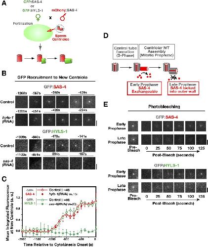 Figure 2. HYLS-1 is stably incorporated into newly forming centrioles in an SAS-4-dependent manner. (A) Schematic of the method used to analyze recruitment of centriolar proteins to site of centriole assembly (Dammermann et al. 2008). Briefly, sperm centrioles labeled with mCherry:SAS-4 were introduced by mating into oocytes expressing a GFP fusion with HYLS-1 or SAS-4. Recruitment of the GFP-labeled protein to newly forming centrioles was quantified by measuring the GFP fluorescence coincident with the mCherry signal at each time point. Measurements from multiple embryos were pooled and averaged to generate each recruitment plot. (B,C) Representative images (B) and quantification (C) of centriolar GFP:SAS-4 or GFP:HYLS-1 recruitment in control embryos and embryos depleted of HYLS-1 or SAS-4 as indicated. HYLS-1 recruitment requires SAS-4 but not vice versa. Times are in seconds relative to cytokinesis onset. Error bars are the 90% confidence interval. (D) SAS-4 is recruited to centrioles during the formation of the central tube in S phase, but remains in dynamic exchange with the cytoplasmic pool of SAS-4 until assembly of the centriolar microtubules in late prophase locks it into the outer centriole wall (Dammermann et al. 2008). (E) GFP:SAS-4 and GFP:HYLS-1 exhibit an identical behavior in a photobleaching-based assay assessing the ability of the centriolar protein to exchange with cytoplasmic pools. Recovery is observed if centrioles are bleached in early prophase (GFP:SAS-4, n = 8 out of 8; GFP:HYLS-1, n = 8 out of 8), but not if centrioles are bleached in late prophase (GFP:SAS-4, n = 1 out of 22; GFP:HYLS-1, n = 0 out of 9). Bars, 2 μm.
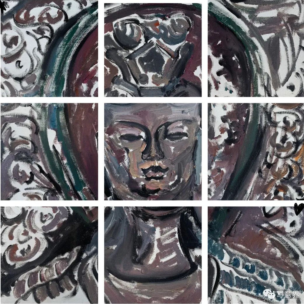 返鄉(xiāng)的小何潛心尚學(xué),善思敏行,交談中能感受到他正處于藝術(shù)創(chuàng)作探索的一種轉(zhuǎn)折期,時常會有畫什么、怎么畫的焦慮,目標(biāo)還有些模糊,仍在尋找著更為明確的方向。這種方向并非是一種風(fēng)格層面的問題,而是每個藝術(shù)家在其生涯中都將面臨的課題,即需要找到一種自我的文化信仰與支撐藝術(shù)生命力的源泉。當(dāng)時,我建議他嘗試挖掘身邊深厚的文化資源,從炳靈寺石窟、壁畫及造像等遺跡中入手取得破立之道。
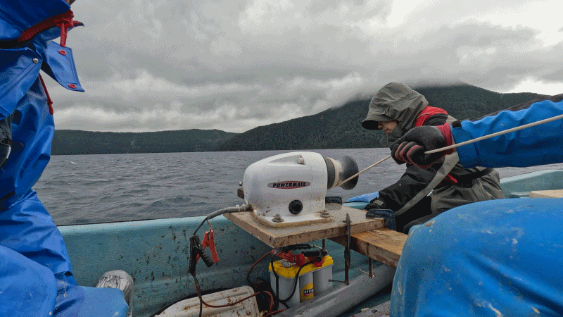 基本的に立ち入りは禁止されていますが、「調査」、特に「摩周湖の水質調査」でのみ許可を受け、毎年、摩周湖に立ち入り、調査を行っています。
+++
Aim of the task:
Pictures stay out. Repeat only the lines from the beginning of the data through the line that has "返鄉(xiāng)的小何潛心".

Written answer:
 Figure 2. HYLS-1 is stably incorporated into newly forming centrioles in an SAS-4-dependent manner. (A) Schematic of the method used to analyze recruitment of centriolar proteins to site of centriole assembly (Dammermann et al. 2008). Briefly, sperm centrioles labeled with mCherry:SAS-4 were introduced by mating into oocytes expressing a GFP fusion with HYLS-1 or SAS-4. Recruitment of the GFP-labeled protein to newly forming centrioles was quantified by measuring the GFP fluorescence coincident with the mCherry signal at each time point. Measurements from multiple embryos were pooled and averaged to generate each recruitment plot. (B,C) Representative images (B) and quantification (C) of centriolar GFP:SAS-4 or GFP:HYLS-1 recruitment in control embryos and embryos depleted of HYLS-1 or SAS-4 as indicated. HYLS-1 recruitment requires SAS-4 but not vice versa. Times are in seconds relative to cytokinesis onset. Error bars are the 90% confidence interval. (D) SAS-4 is recruited to centrioles during the formation of the central tube in S phase, but remains in dynamic exchange with the cytoplasmic pool of SAS-4 until assembly of the centriolar microtubules in late prophase locks it into the outer centriole wall (Dammermann et al. 2008). (E) GFP:SAS-4 and GFP:HYLS-1 exhibit an identical behavior in a photobleaching-based assay assessing the ability of the centriolar protein to exchange with cytoplasmic pools. Recovery is observed if centrioles are bleached in early prophase (GFP:SAS-4, n = 8 out of 8; GFP:HYLS-1, n = 8 out of 8), but not if centrioles are bleached in late prophase (GFP:SAS-4, n = 1 out of 22; GFP:HYLS-1, n = 0 out of 9). Bars, 2 μm.
 返鄉(xiāng)的小何潛心尚學(xué),善思敏行,交談中能感受到他正處于藝術(shù)創(chuàng)作探索的一種轉(zhuǎn)折期,時常會有畫什么、怎么畫的焦慮,目標(biāo)還有些模糊,仍在尋找著更為明確的方向。這種方向并非是一種風(fēng)格層面的問題,而是每個藝術(shù)家在其生涯中都將面臨的課題,即需要找到一種自我的文化信仰與支撐藝術(shù)生命力的源泉。當(dāng)時,我建議他嘗試挖掘身邊深厚的文化資源,從炳靈寺石窟、壁畫及造像等遺跡中入手取得破立之道。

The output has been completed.